Watch how folks start to retrace their steps, folks dropping down a frame size whereas pre-long and low geo, more folks were going up a size.

Riding a plow bike on trails sucks balz, if you read between the lines on this review, you’ll hear the authors saying the same.

What’s old is new!
  • 1 0
 @hamncheez: If I buy a complete bike, yes. But look eg at the Polygon siskiu that many people mention as a great value bike. 430 seat tube on the xl, and a 170mm dropper. That adds up to 600, so I would worry about the insertion. Even with an aftermarket post I would worry about forces on the post. Reach is plenty long enough for me at 500. I never had to worry about too short seat tubes when buying a bike, but with modern geometry, it is becoming a problem.
  • 1 0
 @Jackaboo: The large size is just about do-able for short-legged people like me, IF the frame allows full insertion of a low-stack height post (such as a One-Up). I could get 180mm drop on the large.
I know this because all my current bikes are size large (from a few years ago) and I have a 28in inside leg.
  • 1 0
 @ak-77: it depends on how much of the post you have sticking out from the ST. I'm in between 6'1" and 6'2" and my 170mm dropper feels too short with the post slammed into the ST. I reckon the 240mm will be a touch too long and the 210mm OneUp will be just fine. A new dropper will be my next upgrade. I also have a fox transfer and with the removal of the additional stack the transfer has the 210mm should be perfect.
  • 152 13
 I don't care about the geometry, because, if we're being honest, most people don't need a 64°/63° HTA. The mere fact that the bike comes with a DVO fork and GX drivetrain at this price point blows my mind and other companies, particularly larger ones, should take note.
  • 50 2
 I really wish more companies would spec DVO suspension. The DVO stuff rides great, easily user serviceable and DVO has awesome support.
  • 34 0
 Fezzari's Delano and La Sal bikes are contemporary and have great components. What their lineup is lacking is contemporary-geo aluminum bikes. If this bike gets updated geo, and has the same components, it would absolutely kill this mountain bike segment.
  • 12 1
 @FrankS29: I was a little unsure of DVO, with plans to upgrade. Since having the ONYX D1 fork and Jade X coil(after getting the PR Spring) I'm sold. Great stuff and every interaction with them has been solid.
  • 18 23
flag nickfranko (Apr 27, 2022 at 9:40) (Below Threshold)
 I'd rather have cheaper fork and drivetrain with a better frame than vice-versa.
  • 28 4
 You mean people in Florida don’t need modern geometry.
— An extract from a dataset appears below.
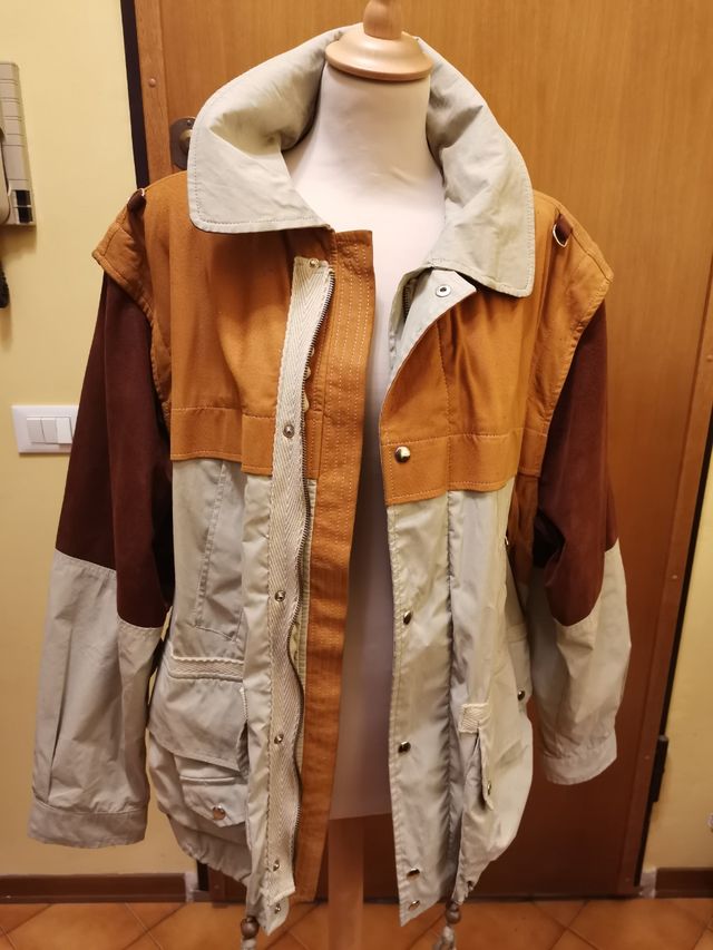 Giubbotto sportivo vintage in tessuto e pelle, le maniche si tolgono e diventa gilet,
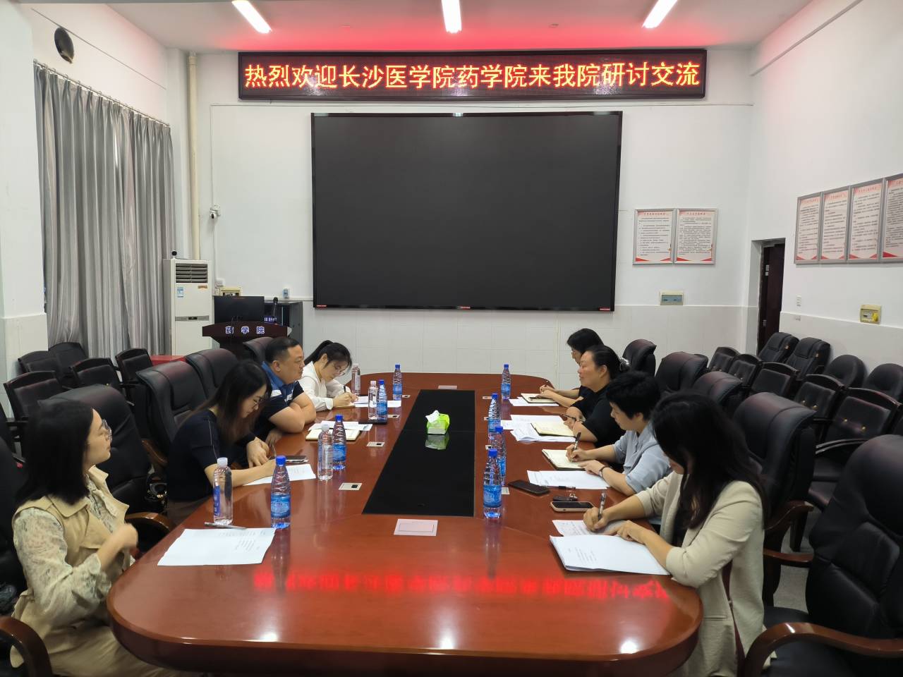 9月15日,长沙医学院伟的国际1946bv党委书记胡明华、教学副院长危永芳、药物分析教研室副主任曾星星和综合办公室刘言萍老师一行来我院开展调研学习,伟的国际1946bv院长喻翠云、党委副书记陈健平、教学副院长易岚、副院长王力立和教学办主任虞佳参加见面会。

Technically nobody “needs” modern geometry, but for mountain biking on actual mountains it sure does work better.
  • 12 5
 Doesn't matter how good the components are if the geometry isn't good. You can see how squashed the tester is on that bike, but the ST length doesn't give him any room to size up. Frame should always be the priority, because everything else can be changed incrementally.
  • 4 1
 @nickfranko: I'm with you on that. I feel like the fork spec has been included so people will overlook this frame.
  • 5 1
 @wyorider: agreed. We could rock 71 degree head angles down here and not be too put out by it.
  • 4 0
 Alafia!! Good fun in the swamps for sure.
  • 11 0
 @wyorider: I understand that, but I've ridden out of state before on bikes with "out of date geometry" and still had fun. All I'm trying to say is that the article appears to emphasize the geometry over the components, when in reality the geo isn't terribly out of date.
  • 18 0
 The DVO suspension and GX are a HUGE plus here. Most bikes at this pricepoint have a crappy RS Recon or 35 and NX or SX...
  • 11 1
 @Quartz: This bike tied the Spesh Stumpy, with outdated geo. Not repeated averages, not scientific, but for it to be able to reach the S speeds shows that "good components", in this case, good tires and that DVO fork, do make up a lot for "bad" geo
  • 8 0
 @FrankS29: 100%, my experience with DVO has been great, best customer service out there.
  • 25 2
 @FloridaHasMTBToo: yeah I feel like people are talking about the geo like it's some 2012 frame with 69 degree HTA... when in reality it's fairly similar to some pretty great current bikes (Ripley/Switchblade/etc). It's a budget all-arounder, not an enduro race bike.

Maybe it's on the more conservative side of modern geo but it's crazy to act like it's out of date IMO. It's like buying a bike from 2-3 years ago, but with up to date components. For the same price, I would 100% take this bike over one with more aggressive geo and worse suspension (like that stumpy alloy they just reviewed).
  • 4 6
 @Quartz: No. If you are shopping for "budget" bikes, which still totally blow most peoples budget, there is no option of "changing everything except for the frame".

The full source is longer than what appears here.